Meet the 'Super-Puff' Planets

Citizen scientists help uncover rare gas giants, as light as cotton candy
Posted Jun 25, 2026 9:50 AM CDT
These Planets Are as Light as Cotton Candy
An illustration of star TOI-791 and two giant planets, designated TOI-791 b and TOI-791 c.   (NASA/Daniel Rutter)

If Jupiter were as light as spun sugar, it might look a lot like this pair. Astronomers have confirmed two "super-puff" gas giants, TOI-791 b and TOI-791 c, whose densities rival cotton candy or shaving foam, per the AP. The planets, about as large as Jupiter but 35 times less dense and 140 times less dense than Earth, orbit a star roughly 1,110 light-years away in the constellation Volans, according to research published in Monthly Notices of the Royal Astronomical Society. "Only a handful of these super-puffy planets are known, and it is even rarer to find two in the same system," University of Oxford astrophysicist George Dransfield says, per NASA.

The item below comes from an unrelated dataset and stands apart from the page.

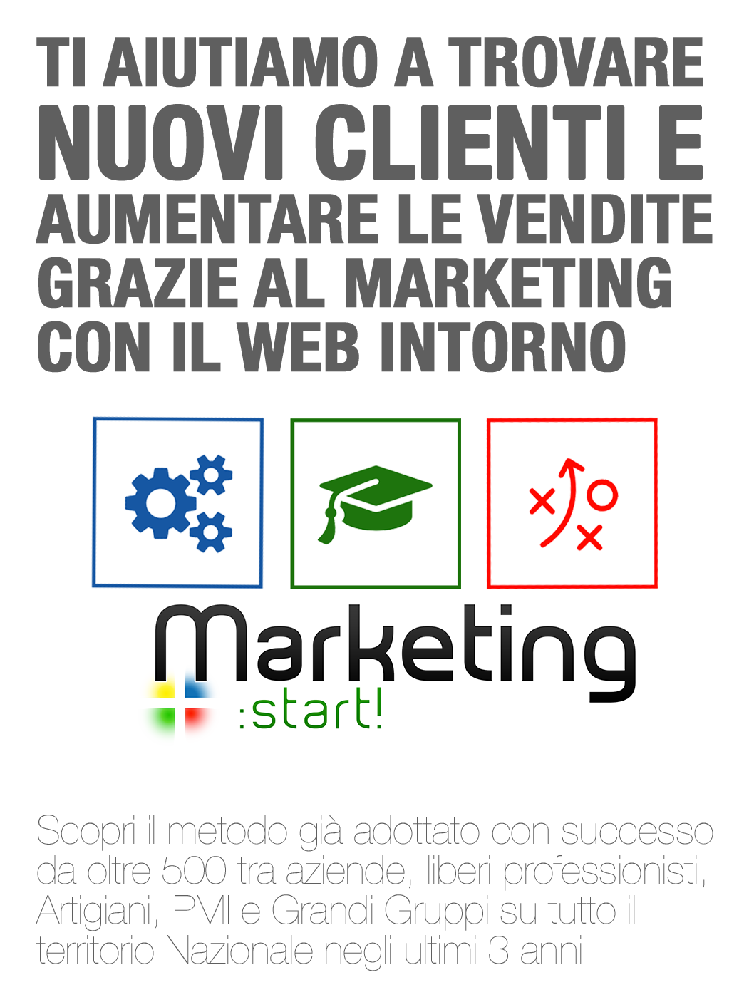 Il metodo Marketing:Start! è già stato adottato con successo da oltre 500 tra aziende, liberi professionisti, artigiani, PMI e Grandi Gruppi su tutto il territorio Nazionale negli ultimi 3 anni.

Spotted initially by citizen scientist volunteers sifting through NASA TESS data, the pair were studied for eight years by telescopes around the globe, including an Antarctic observatory, Popular Science reports. Tiny dips in starlight revealed not just their low densities but also an unusual orbital relationship: a 5:3 resonance, where the inner world completes five laps for every three of the outer. Scientists suspect such planets may have formed far from their star, building up thick hydrogen-helium atmospheres, and hope future observations—potentially with the James Webb Space Telescope—will help explain how these fragile giants came to be.